クレジットを使い切っても、Always Free枠のサービスは引き続き無料で使えます。最初からすべてを網羅しようとするより、自分の業務や学習目標に近いサービスから試してみるほうが、継続的な学習につながります。
(参照:Google Cloud 無料トライアル)
Google Cloud認定資格はGCPスキルをエンジニア市場で証明する手段になる
GCPにはスキルレベルや専門分野に応じた公式認定資格が用意されています。
Cloud Digital Leader(入門レベル)
クラウドの基本概念とGoogle Cloudのサービス概要を問う資格です。エンジニア以外のビジネス職も受験でき、GCPの全体像を把握したい方の入門資格として適しています。
Associate Cloud Engineer(中級レベル)
GCP上でのシステム構築・運用・管理の実務スキルを問います。エンジニアがGCPの実務能力を示す際に最もよく使われる資格で、GCP学習の最初の到達目標として位置づけるのがおすすめです。
Professional資格(上級レベル)
クラウドアーキテクト・データエンジニア・機械学習エンジニアなど専門分野ごとの資格です。取得の難度は高いですが、転職・昇格・案件獲得において高く評価されます。
国内のITエンジニア転職市場では、GCP資格はAWS資格に比べて保有者数が少ないため、取得することで差別化しやすい状況です。

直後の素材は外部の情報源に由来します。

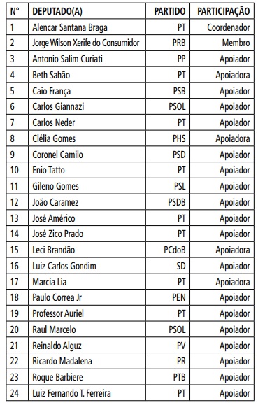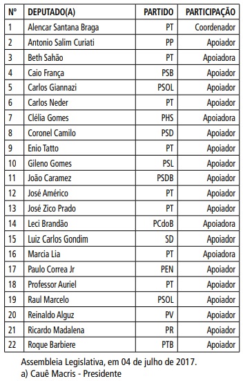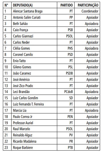 O Presidente da Assembleia Legislativa do Estado de São Paulo, no uso de suas atribuições regimentais e observado o Ofício ASB nº 38/2017, do Deputado Alencar Santana Braga, bem como os Termos de Adesão, nomeia as Deputadas e os Deputados relacionados abaixo para compor a Frente Parlamentar pela Modernização da Linha 7 - Rubi da CPTM.
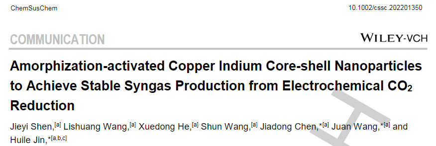 近日,日本色情片 2019级材料科学与工程专业本科生沈杰怡在权威期刊ChemsusChem上发表题为Amorphization-activated Copper Indium Core-shell Nanoparticles to Achieve Stable Syngas Production from Electrochemical CO2 Reduction(无定形活化的Cu-In2O3核壳纳米颗粒高效催化CO2电还原制合成气)的研究论文(指导教师为王娟副教授、金辉乐教授和陈佳东博士后)。
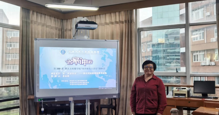 2023年10月20日下午,博士生导师、浙江大学求是特聘教授王云路老师应邀来到宁波大学人文与传媒学院,为学院师生开展了题名为“说‘余音绕梁’——兼谈词义的模棱两可现象”的讲座。讲座由中文系教授宋闻兵主持,中文系主任周景耀副教授,聂仁发教授等亦参加了此次讲座。

特にデータエンジニアや機械学習エンジニアの求人では、GCP関連スキルの需要が高まっています。
(参照:Google Cloud 認定資格)
Google Cloud Skills BoostでGCPの実務スキルを効率よく習得できる
Googleが提供する公式学習プラットフォーム「Google Cloud Skills Boost(旧Qwiklabs)」では、ハンズオン形式のラボを通じてGCPを実際に操作しながら学べます。
動画を観るだけでなく、本物のGCP環境を使った実践形式で学ぶため、実務に使えるスキルが身につきやすいのが特徴です。
学習パスは職種・スキルレベル別に整理されており、データエンジニア・インフラエンジニア・AI/MLエンジニアなど、目指すキャリアに合わせて体系的に学べます。
一部のコンテンツは無料で提供されているため、まずは無料ラボから始めてみてください。
(参照:Google Cloud Skills Boost)
8. GCPとはGoogleのAI・データ基盤を丸ごと活用できるクラウドサービス

GCPはGoogle Cloudとも呼ばれ、コンピューティングからAI開発まで200以上のサービスを提供するクラウドプラットフォームです。
BigQueryやVertex AIに代表されるデータ・AI領域の強みは、AWSやAzureとはっきりと違いがあります。
従量課金制で無料枠も充実しているため、まずは公式トライアルアカウントを作成し、GCPの世界に触れてみてください。
GCPのスキルはエンジニア市場での差別化にもつながります。資格取得も視野に入れながら、段階的に習得を進めていきましょう。